Things must be truly getting out of hand when even senior members of the legal profession complain about high lawyer fees. Retired Quebec Superior Court Justice John Gomery (who presided over the federal sponsorship inquiry) is on record, as reported in a National Post article, as saying the justice system is on a “suicidal” path unless lawyers drop their fees. And Philip Slayton, a former University of Western Ontario dean of law who recently authored Lawyers Gone Bad: Money, Sex and Madness in Canada’s Legal Profession (2007), is critical of the profession’s disregard for the inability of the middle class to access the courts.

Then there is the Chief Justice of the Supreme Court, Beverley McLachlin, who on several occasions has decried the rise in the number of Canadians’ representing themselves in court because they cannot afford the legal fees. “In some courts, on some days, I am told, unrepresented litigants are up to 40 of the cases,” McLachlin told a Canadian Bar Association audience. This adds further delays to a system that is already overloaded, she added.

Allowing more non-lawyers to provide legal services would be a key step toward lowering fees and speeding up the judicial process. Other countries allow more scope for non-lawyers. For example, in Britain, one of the biggest providers of legal advice is the Citizens’ Advice Bureau, which is staffed with salaried managers, trained volunteers, and professionals (including solicitors) available as backup or for specialized advice.

According to Slayton, it’s also time for the Canadian legal system to abandon self-regulation and adopt reforms like those proposed in Britain. The reforms, in essence, would create an independent panel composed mostly of laypersons to oversee the profession, and an independent office for the investigation of complaints against lawyers (a real life, “highly successful” example is the Office of the Legal Services Commissioner in New South Wales, Australia).

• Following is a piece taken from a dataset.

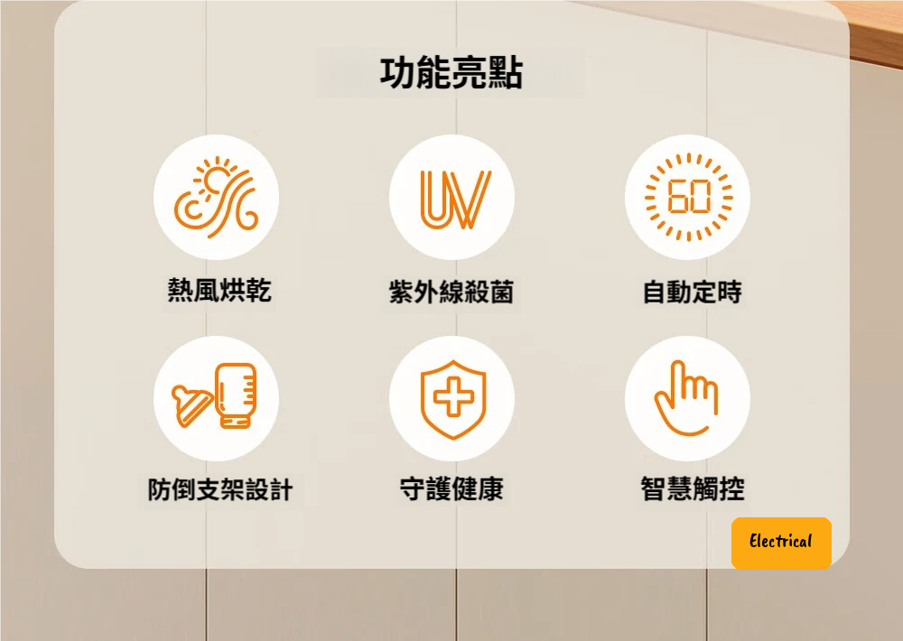 - 一鍵自動殺菌烘乾:合上蓋子即可啟動,操作超簡單

Montreal doctor Jacques Chaoulli spent eight years representing himself all the way up to the Supreme Court where in 2005 he successfully persuaded the top court to strike down Quebec’s ban on private medical insurance. One of his suggestions for improving the legal system: Canadian lawyers should provide consulting services for people who want to represent themselves, just like lawyers in the U.S. do (which is a lower cost alternative to direct representation).

Deborah Rhode, a Stanford law professor and leading scholar on legal ethics, argues in her book, Pro Bono in Principle and in Practice (2005), that lawyers bear an ethical duty to ameliorate “their monopoly’s deleterious effects” by doing more pro bono work for those who are disenfranchised. After all, “the state-sanctioned scarcity of legal services” is the reason for their affluence, she writes.

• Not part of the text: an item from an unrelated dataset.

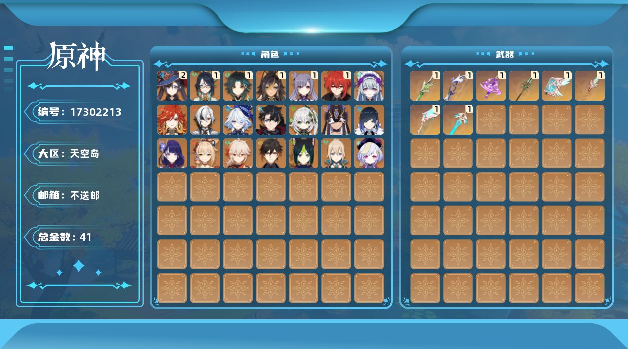 0命阿蕾奇诺,1命闲云,0命芙宁娜,0命莱欧斯利,1命迪希雅,0命纳西妲,0命赛诺,0命提纳里,0命夜兰,0命雷电将军,0命枫原万叶,0命钟离,1命魈,0命宵宫,1命刻晴,0命七七,0命琴,2命莫娜,1命迪卢克,0命玛薇卡,0命梦见月瑞希,0命丝柯克,0命菲林斯,0命杜林,精1裁叶萃光,精1若水,精1神乐之真意,精1和璞鸢,精1天空之脊,精1天空之翼,精1天空之刃,精1天空之卷,精1血染荒城

To be fair, the problem lies not entirely with the law societies. The complexity of court procedures also contributes to delay and high costs (the Supreme Court of Canada’s Web site has a section on self representation that advises: ” … it is a good idea that you get a lawyer as the procedure is complicated”). It thus follows that another part of the solution would be to simplify the tangled web of court procedures.

Until fees come down, litigants can save themselves a fortune and register a vote against a cartel-like arrangement by joining the do-it-yourself trend running through other industries such as investing and real estate services. The great enabler, of course, is the Internet, which yields easy access to any Canadian statute, regulation, or case. If you have the time and dedication to do it right, success is possible, as Chaoulli demonstrated.